Try it
At the line that holds "根據行政處罰決定書,帝奧微委", start repeating, and keep going exactly through the final line of the material; include both ends and skip the pictures.

Supplied data
- Opening Delimiter -

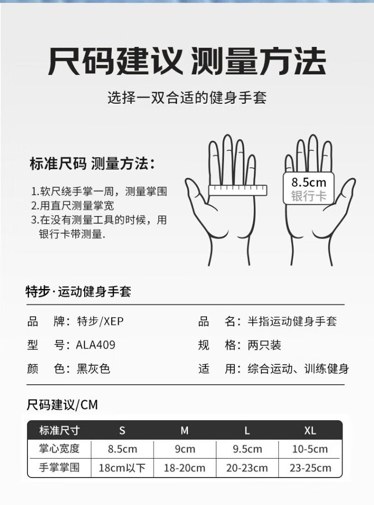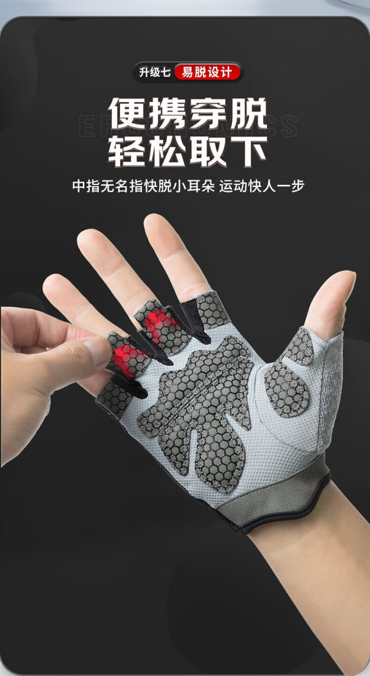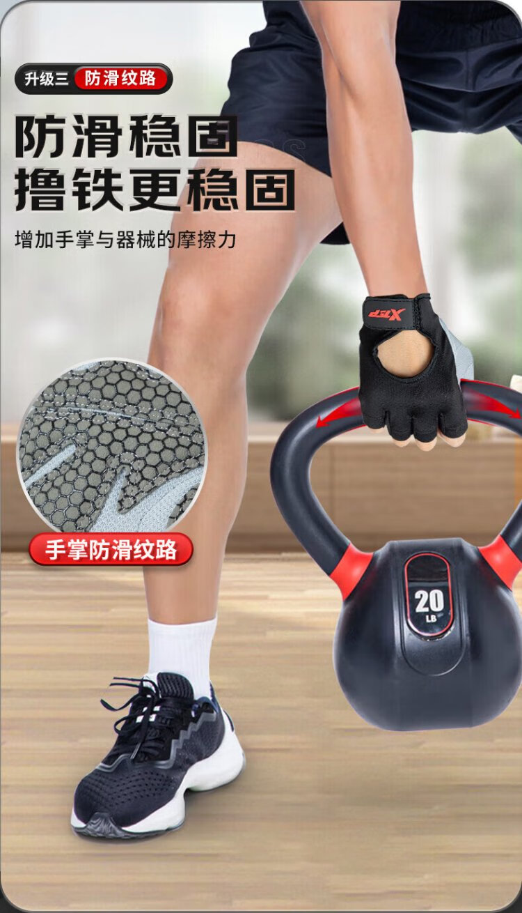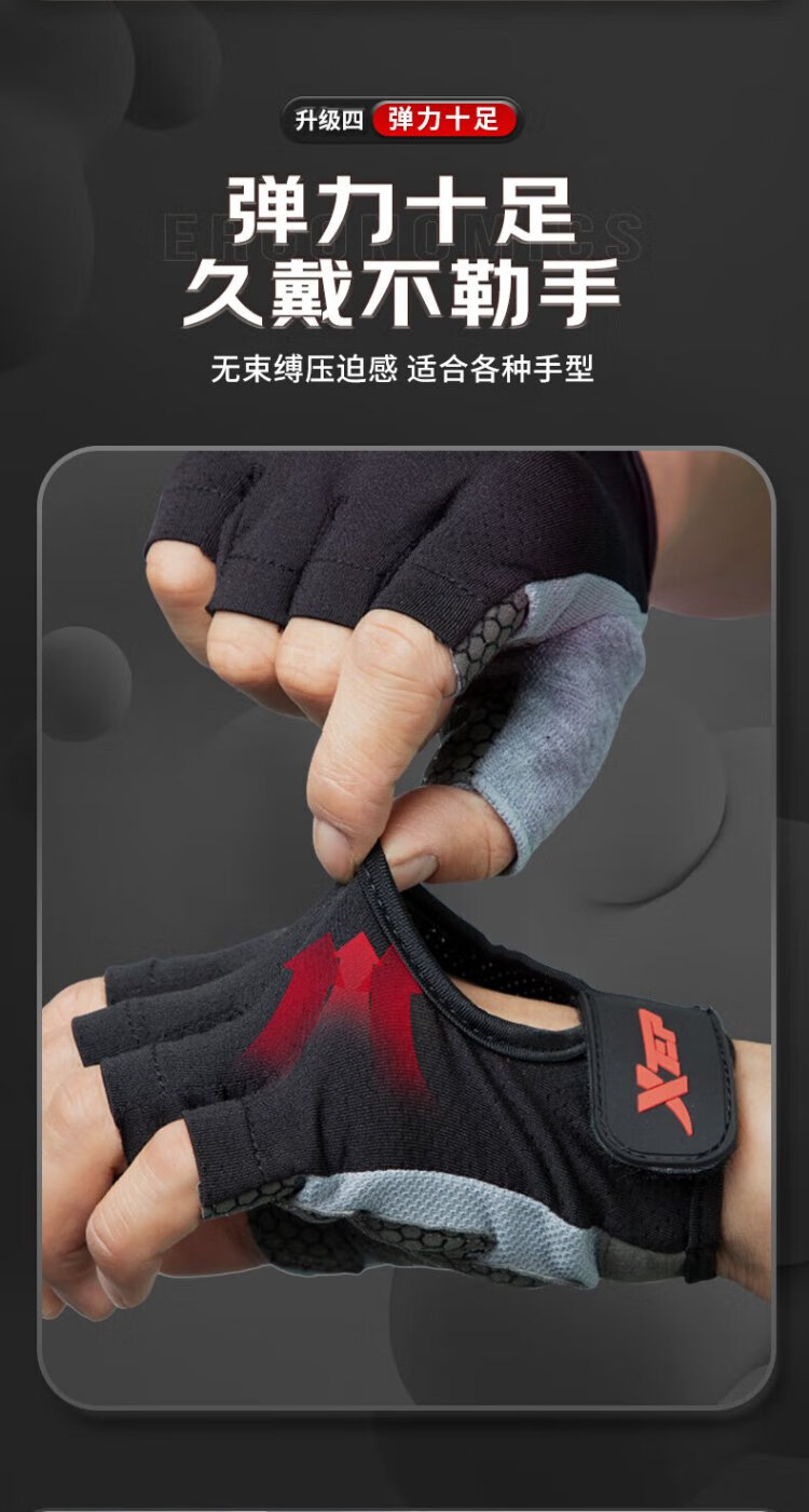XTEP fitness gloves cycling men's sports pull-ups horizontal bar anti-slip bicycle mountaineering half-finger dumbbell anti-cocoon XL
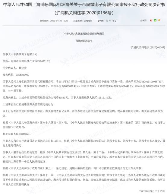 根據行政處罰決定書,帝奧微委託上海弘躍國際貨運代理有限公司,於2019年5月7日以一般貿易方式向海關申報進口貨物一票,報關單號為224420191000387307,申報品名為芯片,申報數量為100000個,申報總價為FOB3000美元。經海關查驗,上述貨物實際數量為500441個,實際總價為FOB15013.23美元,與申報不符。
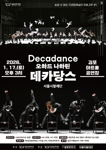 국공립예술단 공연 시리즈의 첫 무대를 선보일 서울시발레단의 ‘오하드 나하린 '데카당스'’ 공연은 1월 17일 15시 김포아트홀 공연장에서 개최될 예정이며, 세계적 안무가 오하드 나하린의 대표작들을 감각적인 시각 연출 및 다채로운 음악과 함께 서울시발레단만의 유연하고 독창적인 움직임을 통해 선보일 예정이다.
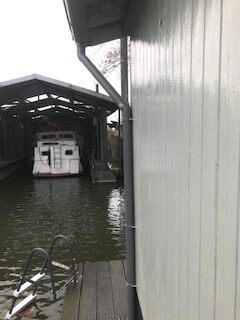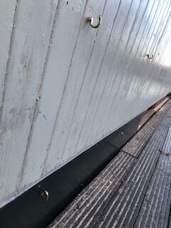 22 en 24 november. Verder gemonteerd en alle hulphout zit. Ook alle platen tot en met de deur zitten definitief. Er moeten nog 2 platen aan het einde worden bevestigd. Ik heb ook 1,5 meter van de compleet doorgerotte rechtervloer binnen vervangen (28 mm vloerdelen), want dat is de basis voort de onderregel. En dan nog wat schilderwerk en de Oostkant is klaar. De dakgoot veroorzaakt problemen. In het midden is hij doorgezakt, waardoor water op de wand plenst. De goot moet worden vastgezet in de originele positie. De afvoerpijpen zorgen voor spatwater op de wanden, waardoor rotting is ontstaan op de hoeken. Wellicht platen kunststof op de hoeken monteren. Voor een andere vorm van hemelwaterafvoer zie ik zo geen mogelijkheden. 29 november is de oostkant constructief klaar, het botenhuis is weer helemaal afgesloten. De laatste twee weken kon je door de open strook van de plint naar binnen kruipen. Dat heeft gelukkig niemand gedaan. Er wordt nu geschilderd. 3 december Panelen voor de westkant en het restant hulphout geverfd.Toch gekozen voor een lange regenpijp naar beneden en geen kunststofplaten. 8 december Met Jeroen de regenpijp aangebracht. Jeroen heeft de dakgoot gerepareerd door losse klossen vast te zetten. Aan de westkant begonnen door rotte schroten te vervangen en op plinthoogte af te zagen.

- Closing Delimiter -

Written solution
 根據行政處罰決定書,帝奧微委託上海弘躍國際貨運代理有限公司,於2019年5月7日以一般貿易方式向海關申報進口貨物一票,報關單號為224420191000387307,申報品名為芯片,申報數量為100000個,申報總價為FOB3000美元。經海關查驗,上述貨物實際數量為500441個,實際總價為FOB15013.23美元,與申報不符。
 국공립예술단 공연 시리즈의 첫 무대를 선보일 서울시발레단의 ‘오하드 나하린 '데카당스'’ 공연은 1월 17일 15시 김포아트홀 공연장에서 개최될 예정이며, 세계적 안무가 오하드 나하린의 대표작들을 감각적인 시각 연출 및 다채로운 음악과 함께 서울시발레단만의 유연하고 독창적인 움직임을 통해 선보일 예정이다.
 22 en 24 november. Verder gemonteerd en alle hulphout zit. Ook alle platen tot en met de deur zitten definitief. Er moeten nog 2 platen aan het einde worden bevestigd. Ik heb ook 1,5 meter van de compleet doorgerotte rechtervloer binnen vervangen (28 mm vloerdelen), want dat is de basis voort de onderregel. En dan nog wat schilderwerk en de Oostkant is klaar. De dakgoot veroorzaakt problemen. In het midden is hij doorgezakt, waardoor water op de wand plenst. De goot moet worden vastgezet in de originele positie. De afvoerpijpen zorgen voor spatwater op de wanden, waardoor rotting is ontstaan op de hoeken. Wellicht platen kunststof op de hoeken monteren. Voor een andere vorm van hemelwaterafvoer zie ik zo geen mogelijkheden. 29 november is de oostkant constructief klaar, het botenhuis is weer helemaal afgesloten. De laatste twee weken kon je door de open strook van de plint naar binnen kruipen. Dat heeft gelukkig niemand gedaan. Er wordt nu geschilderd. 3 december Panelen voor de westkant en het restant hulphout geverfd.Toch gekozen voor een lange regenpijp naar beneden en geen kunststofplaten. 8 december Met Jeroen de regenpijp aangebracht. Jeroen heeft de dakgoot gerepareerd door losse klossen vast te zetten. Aan de westkant begonnen door rotte schroten te vervangen en op plinthoogte af te zagen.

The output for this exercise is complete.